■ TASK ■
After locating the line that contains "数据显示,阿森纳近3场欧战对阵奥林匹亚科斯,已经遭遇3连败。" in the records below, write out exactly that line and each line after it through the one that contains "Đây là một khay", and nothing else.

───── SOURCE RECORDS ─────

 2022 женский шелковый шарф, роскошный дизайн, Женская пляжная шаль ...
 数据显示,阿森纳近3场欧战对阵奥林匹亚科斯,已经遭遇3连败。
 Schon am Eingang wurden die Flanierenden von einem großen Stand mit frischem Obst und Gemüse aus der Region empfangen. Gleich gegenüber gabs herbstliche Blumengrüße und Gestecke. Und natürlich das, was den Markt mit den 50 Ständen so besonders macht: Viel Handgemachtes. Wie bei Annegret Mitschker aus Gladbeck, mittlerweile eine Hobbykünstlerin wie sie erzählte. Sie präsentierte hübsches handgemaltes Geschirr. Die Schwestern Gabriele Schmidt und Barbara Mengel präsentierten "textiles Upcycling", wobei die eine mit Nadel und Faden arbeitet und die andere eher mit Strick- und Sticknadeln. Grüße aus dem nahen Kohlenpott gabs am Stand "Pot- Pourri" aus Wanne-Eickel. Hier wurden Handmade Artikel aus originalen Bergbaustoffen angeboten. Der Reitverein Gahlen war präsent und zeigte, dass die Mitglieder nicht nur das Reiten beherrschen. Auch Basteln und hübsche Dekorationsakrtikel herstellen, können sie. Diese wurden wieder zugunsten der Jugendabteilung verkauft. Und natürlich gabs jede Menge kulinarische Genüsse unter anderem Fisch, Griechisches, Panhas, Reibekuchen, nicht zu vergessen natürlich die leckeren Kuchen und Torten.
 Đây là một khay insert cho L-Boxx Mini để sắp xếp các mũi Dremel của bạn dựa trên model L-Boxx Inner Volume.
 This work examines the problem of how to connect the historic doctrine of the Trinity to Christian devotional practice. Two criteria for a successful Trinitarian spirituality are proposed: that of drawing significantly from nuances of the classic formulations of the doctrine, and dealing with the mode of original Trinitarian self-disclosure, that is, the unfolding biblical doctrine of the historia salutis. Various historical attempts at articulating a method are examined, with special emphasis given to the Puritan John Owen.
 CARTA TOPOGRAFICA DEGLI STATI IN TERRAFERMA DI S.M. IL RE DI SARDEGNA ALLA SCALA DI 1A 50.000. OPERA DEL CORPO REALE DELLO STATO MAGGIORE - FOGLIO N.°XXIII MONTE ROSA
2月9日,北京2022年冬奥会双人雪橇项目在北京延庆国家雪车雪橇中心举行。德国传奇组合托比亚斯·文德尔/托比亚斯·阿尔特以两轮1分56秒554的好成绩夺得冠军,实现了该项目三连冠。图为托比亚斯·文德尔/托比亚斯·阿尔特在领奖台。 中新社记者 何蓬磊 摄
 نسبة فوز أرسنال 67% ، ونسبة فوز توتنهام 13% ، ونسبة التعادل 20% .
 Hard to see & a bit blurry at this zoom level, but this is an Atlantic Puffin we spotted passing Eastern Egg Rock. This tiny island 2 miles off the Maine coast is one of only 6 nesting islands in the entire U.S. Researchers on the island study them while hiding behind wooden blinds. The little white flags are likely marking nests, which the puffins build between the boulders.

─────

■ EXERCISE SOLUTION ■
 数据显示,阿森纳近3场欧战对阵奥林匹亚科斯,已经遭遇3连败。
 Schon am Eingang wurden die Flanierenden von einem großen Stand mit frischem Obst und Gemüse aus der Region empfangen. Gleich gegenüber gabs herbstliche Blumengrüße und Gestecke. Und natürlich das, was den Markt mit den 50 Ständen so besonders macht: Viel Handgemachtes. Wie bei Annegret Mitschker aus Gladbeck, mittlerweile eine Hobbykünstlerin wie sie erzählte. Sie präsentierte hübsches handgemaltes Geschirr. Die Schwestern Gabriele Schmidt und Barbara Mengel präsentierten "textiles Upcycling", wobei die eine mit Nadel und Faden arbeitet und die andere eher mit Strick- und Sticknadeln. Grüße aus dem nahen Kohlenpott gabs am Stand "Pot- Pourri" aus Wanne-Eickel. Hier wurden Handmade Artikel aus originalen Bergbaustoffen angeboten. Der Reitverein Gahlen war präsent und zeigte, dass die Mitglieder nicht nur das Reiten beherrschen. Auch Basteln und hübsche Dekorationsakrtikel herstellen, können sie. Diese wurden wieder zugunsten der Jugendabteilung verkauft. Und natürlich gabs jede Menge kulinarische Genüsse unter anderem Fisch, Griechisches, Panhas, Reibekuchen, nicht zu vergessen natürlich die leckeren Kuchen und Torten.
 Đây là một khay insert cho L-Boxx Mini để sắp xếp các mũi Dremel của bạn dựa trên model L-Boxx Inner Volume.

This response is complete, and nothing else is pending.